October 26, 2015

Seeing the Big Picture


IsoView Whole-Animal Functional Imaging in Larval Drosophila
from HHMI NEWS on Vimeo.

(October 26, 2015)  High-Speed Microscope Images Entire Living Organisms at High Resolution

Summary

Within less than a second, the new IsoView microscope produces images of entire organisms, such as a zebrafish or fruit fly embryo, with enough resolution in all three dimensions that each cell appears as a distinct structure.

A new microscope developed at the Howard Hughes Medical Institute's Janelia Research Campus is giving scientists a clearer, more comprehensive view of biological processes as they unfold in living animals.

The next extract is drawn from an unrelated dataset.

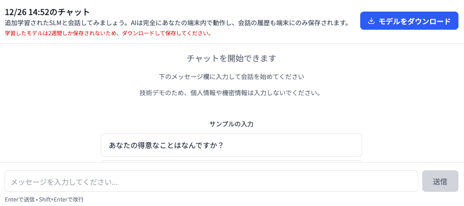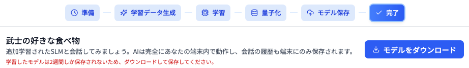 これを押すと、量子化を施す前の、学習直後のモデルをhuggingface形式でダウンロードすることができます。これをお手持ちのPC上で動かすことで、どこにも入力を送信することなく、カスタマイズしたモデルと会話することができます。

The microscope produces images of entire organisms, such as a zebrafish or fruit fly embryo, with enough resolution in all three dimensions that each cell appears as a distinct structure. What's more, it does so at speeds fast enough to watch cells move as a developing embryo takes shape and to monitor brain activity as it flashes through neuronal circuits.

Nearly two years in development, Janelia group leader Philipp Keller says his team has built the first light microscope capable of imaging large, non-transparent specimens at sub-second temporal resolution and sub-cellular spatial resolution in all dimensions.

Keller, and his team at Janelia aim to understand how a functioning nervous system emerges in an embryo. Over the last five years, they have devised several imaging technologies that make it possible to image large biological samples at high speed. His lab’s newest microscope, called the IsoView light sheet microscope, overcomes a final challenge—improving spatial resolution—without sacrificing the performance features of his team’s previous microscopes. The IsoView microscope is described in an article published online on October 26, 2015, in the journal Nature Methods. The publication includes complete building plans for the microscope and the associated image processing software developed by Keller's team.